# 2.0 8v ABA Interference or not?



## Achilles (May 8, 2002)

Is the 2.0 ABA an interference engine or not? I've heard from different sources that it is, and from others that it isn't.
What's the truth on this.
(Crank pulley bolt broke, cam pulley fell off. I got the bolt extracted. Put a new one on, put a new pulley on etc. It starts and runs, but is it ok or not??? I haven't driven it so I don't know how it runs under load).


----------



## Pagano (Sep 24, 2001)

*Re: 2.0 8v ABA Interference or not? (vtgti)*

Depends who you ask


----------



## eurotekms (Feb 10, 2002)

Bump. Trying to get this wrapped up ASAP. 
EDIT: The engine is a 1995 2.0, totally STOCK


_Modified by eurotekms at 5:06 PM 8-17-2004_


----------



## bearing01 (May 27, 2004)

*Re: (eurotekms)*

I'm not a VW mechanic.
The ABA 2.0L is a "tall block" and technically has valve clearance that will prevent / reduce valve damage if timing is off. However, from what I have read, if you're crusing at several krpm and you lose your t-belt those valves will most likely get damaged.


----------



## vasillalov (Nov 5, 2003)

*Re: (bearing01)*


_Quote, originally posted by *bearing01* »_
I'm not a VW mechanic.
The ABA 2.0L is a "tall block" and technically has valve clearance that will prevent / reduce valve damage if timing is off. However, from what I have read, if you're crusing at several krpm and you lose your t-belt those valves will most likely get damaged.

I concur, 
also if you are using an aftermaket cam then the likelyhood of damaging your valves is greatly increased!


----------



## tdogg74 (Mar 1, 2002)

*Re: (bearing01)*


_Quote, originally posted by *bearing01* »_
I'm not a VW mechanic.
The ABA 2.0L is a "tall block" and technically has valve clearance that will prevent / reduce valve damage if timing is off. However, from what I have read, if you're crusing at several krpm and you lose your t-belt those valves will most likely get damaged.
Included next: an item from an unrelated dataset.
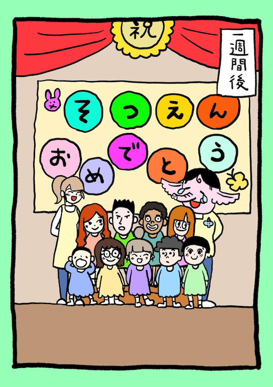 「月曜日もう一度卒園式にしよう!」って先生方が手を振って笑ってる。そしてポストの中には子どもたちからの手紙。

The ABA is a non-interference engine in stock form. Adding a high-lift aftermarket camshaft makes it an interference engine. There was a post on here last week of a guy running a 276 and smacking valves when his TB broke.
With a stock camshaft, there is no difference in valve clearance between idle and 5000rpms. (Valves dont get a higher lift the faster the engine speed) What does piston speed have to do with it...if it was an interference engine, you would bang a valve at any rpm.


----------



## K.I.M. (May 19, 2004)

*Re: (tdogg74)*

There have been some who have reported valve damage on a stock engine when the belt let go. 
But to the original poster this thread won't determine if your engine is OK or not, only one way to find out...
Good luck


----------



## tdogg74 (Mar 1, 2002)

*Re: (K.I.M.)*


_Quote, originally posted by *K.I.M.* »_There have been some who have reported valve damage on a stock engine when the belt let go. 
But to the original poster this thread won't determine if your engine is OK or not, only one way to find out...
Good luck

Ya, totally good point. Regardless, break the engine down for damage.


----------



## Achilles (May 8, 2002)

*Re: (tdogg74)*

Did a compression check. No compression on the two inner cylinders.
Pulled the head, 2 bent valves. Slapped on a fresher 70,000 mile head. New head gasket, etc. All in under 2 hours. We could have finished it but we needed to get some intake and exhaust manifold gaskets...


----------



## bearing01 (May 27, 2004)

*Re: (vtgti)*

What caused the bent valves? Are you using stock Cam shaft? Stock Rocker-arm?


----------



## bearing01 (May 27, 2004)

*Re: (tdogg74)*

_With a stock camshaft, there is no difference in valve clearance between idle and 5000rpms. (Valves dont get a higher lift the faster the engine speed) What does piston speed have to do with it...if it was an interference engine, you would bang a valve at any rpm._
If the engine is older and the valve springs have become weak, at high RPM the valves may stay open longer than required. Also, with the weak springs the valves could bounce against the seat at the high RPM. This reduces valve clearance on your non-interference engine.


----------



## kaliman1234 (Apr 8, 2018)

*aba engine*



tdogg74 said:


> _Quote, originally posted by *bearing01* »_
> I'm not a VW mechanic.
> The ABA 2.0L is a "tall block" and technically has valve clearance that will prevent / reduce valve damage if timing is off. However, from what I have read, if you're crusing at several krpm and you lose your t-belt those valves will most likely get damaged.
> 
> ...


I like the response and the realistic answer I agree with (Valves dont get a higher lift the faster the engine speed)


----------



## sredwine (Jan 5, 2021)

Cruising the forum and came across this old post. Again, _I'm no mechanic_ but I think Mr. bearing was on to something, not with the lift but with valve float. An older set of springs on a head at high rpm might not hit a higher maximum lift, but it could hold it's top lift longer into a stroke and possibly interfere with the piston.


----------